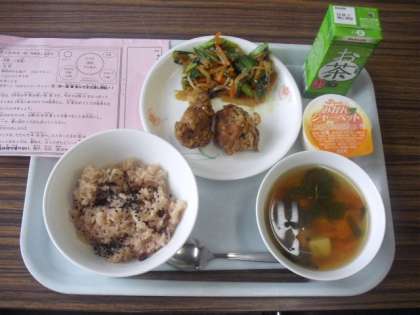 今日は、赤飯、お茶、鶏肉のからあげ、こんにゃくサラダ、すまし汁、デザートです。
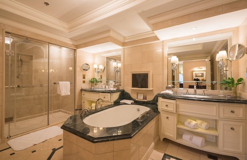 The Ritz-Carlton, Beijing offers 305 accommodations with indoor private hot tubs and iPod docking stations. Each accommodation is individually furnished and decorated. Pillowtop beds feature down comforters and premium bedding. A pillow menu is available. 42-inch LCD televisions come with satellite channels. Refrigerators, coffee/tea makers, and minibars are provided. Bathrooms include separate bathtubs and showers with jetted bathtubs and rainfall showerheads. Bathrooms are also outfitted with bathrobes, slippers, and designer toiletries.
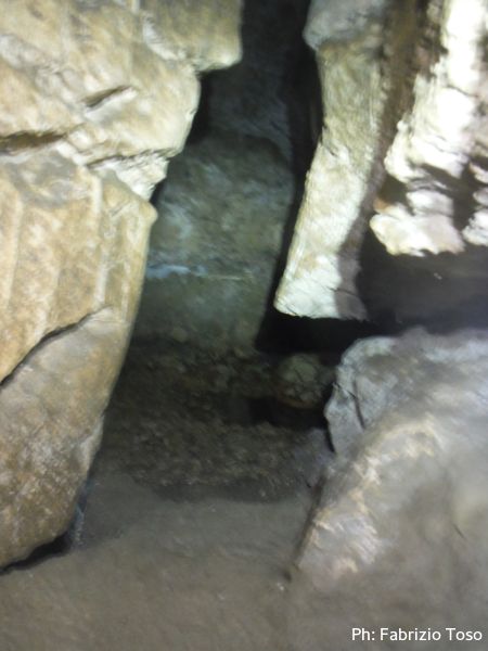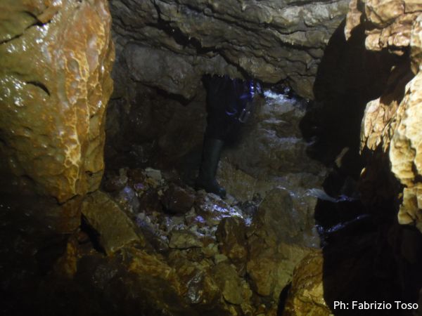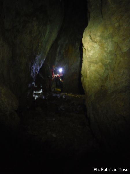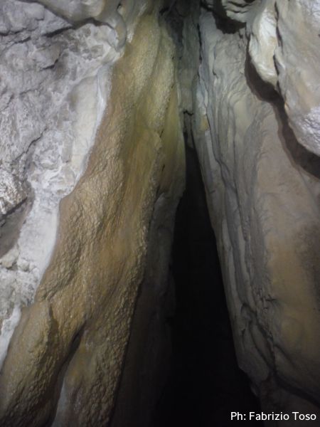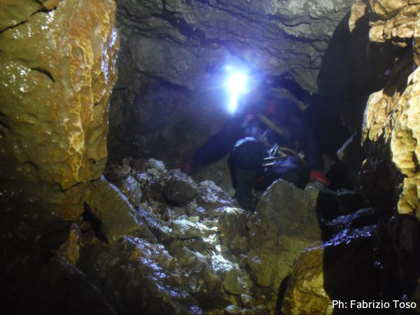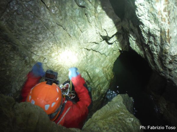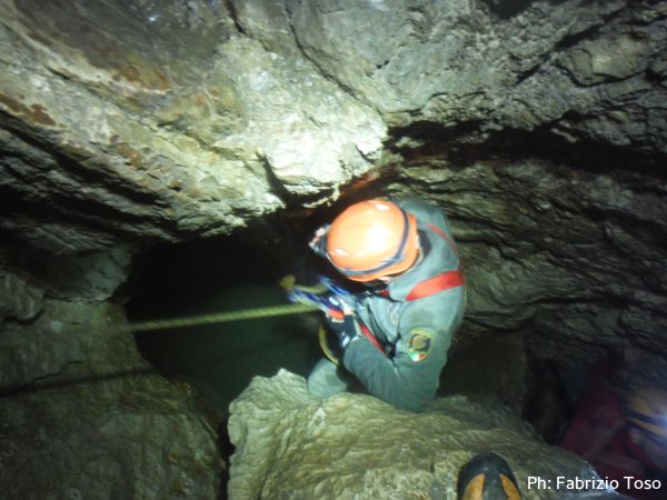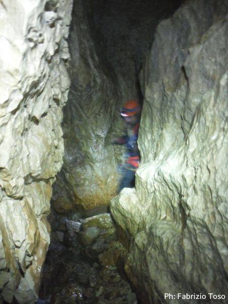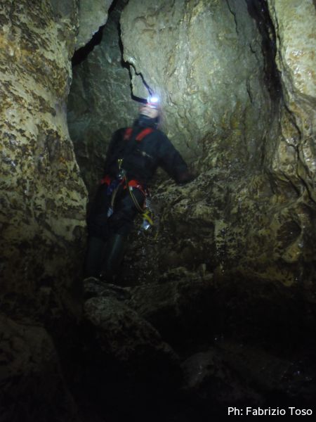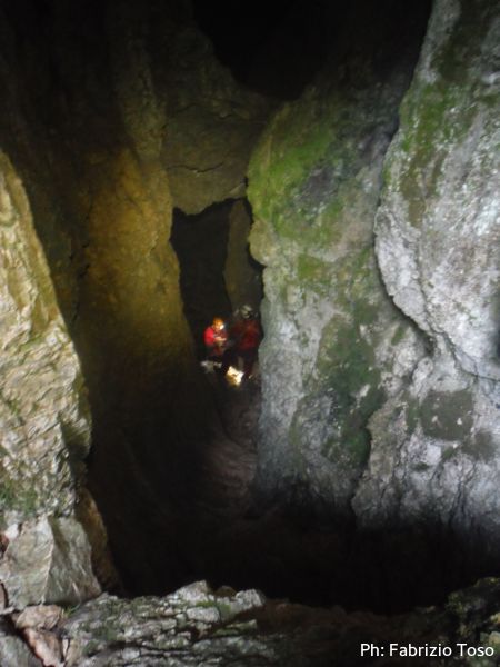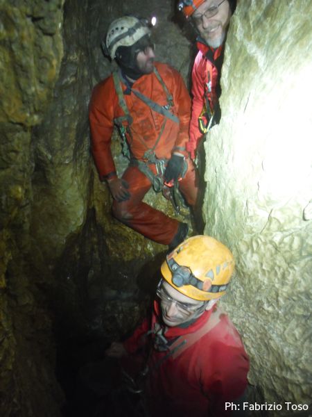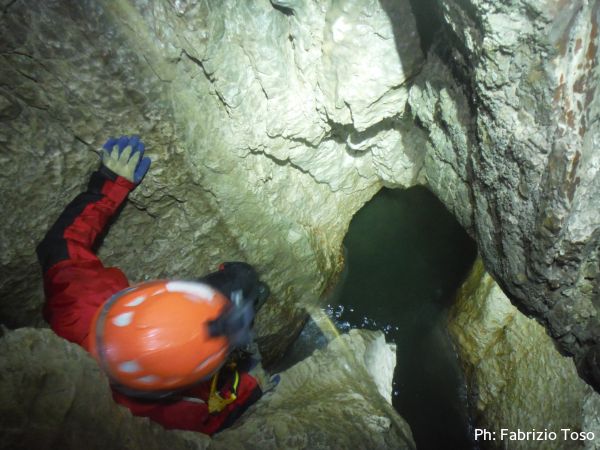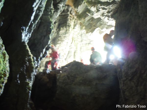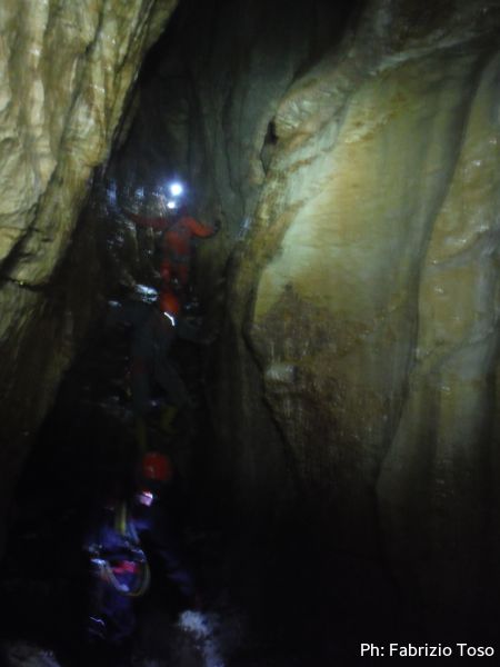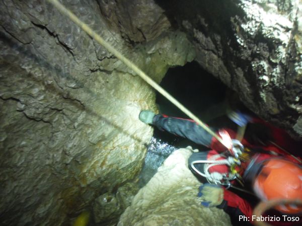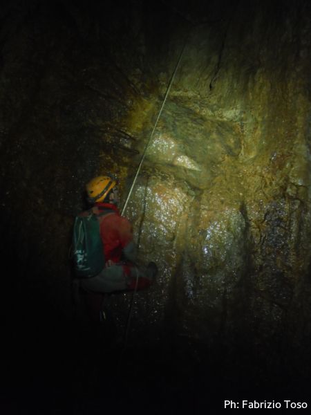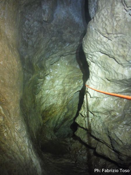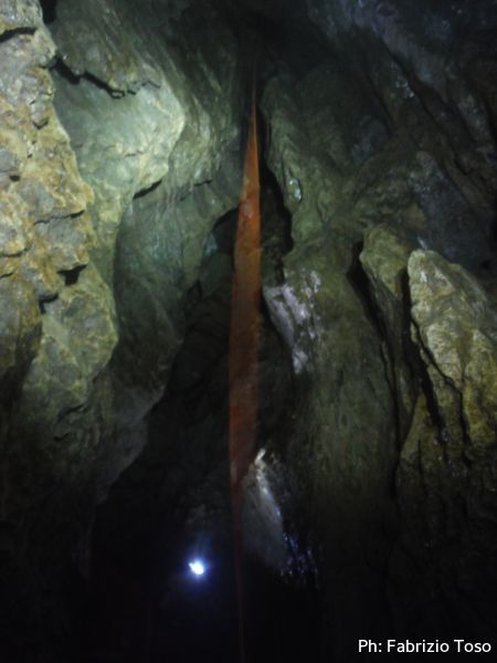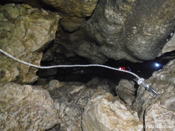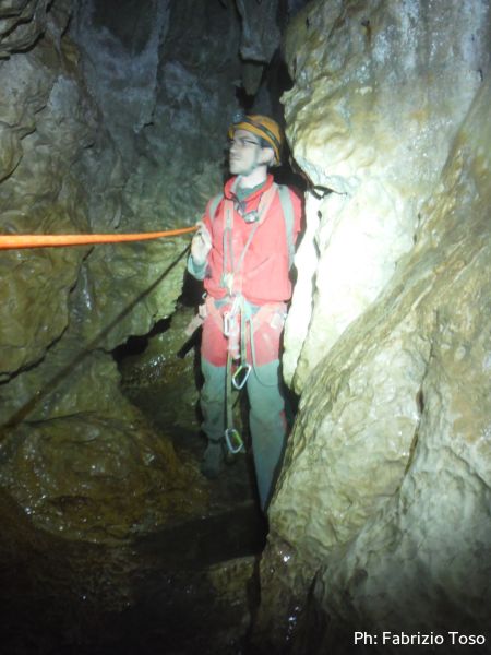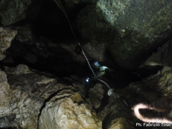 Inizio a cercare un punto dove ancorare la corda prima di trascinare quel che resta di lei all’altro salto. Nel frattempo dal pozzo parallelo iniziano ad arrivare altri amici.

**Activity**
Give back the whole listing exactly as written. Do not include any picture.

**Problem solution**
 今日は、赤飯、お茶、鶏肉のからあげ、こんにゃくサラダ、すまし汁、デザートです。
 The Ritz-Carlton, Beijing offers 305 accommodations with indoor private hot tubs and iPod docking stations. Each accommodation is individually furnished and decorated. Pillowtop beds feature down comforters and premium bedding. A pillow menu is available. 42-inch LCD televisions come with satellite channels. Refrigerators, coffee/tea makers, and minibars are provided. Bathrooms include separate bathtubs and showers with jetted bathtubs and rainfall showerheads. Bathrooms are also outfitted with bathrobes, slippers, and designer toiletries.
 Inizio a cercare un punto dove ancorare la corda prima di trascinare quel che resta di lei all’altro salto. Nel frattempo dal pozzo parallelo iniziano ad arrivare altri amici.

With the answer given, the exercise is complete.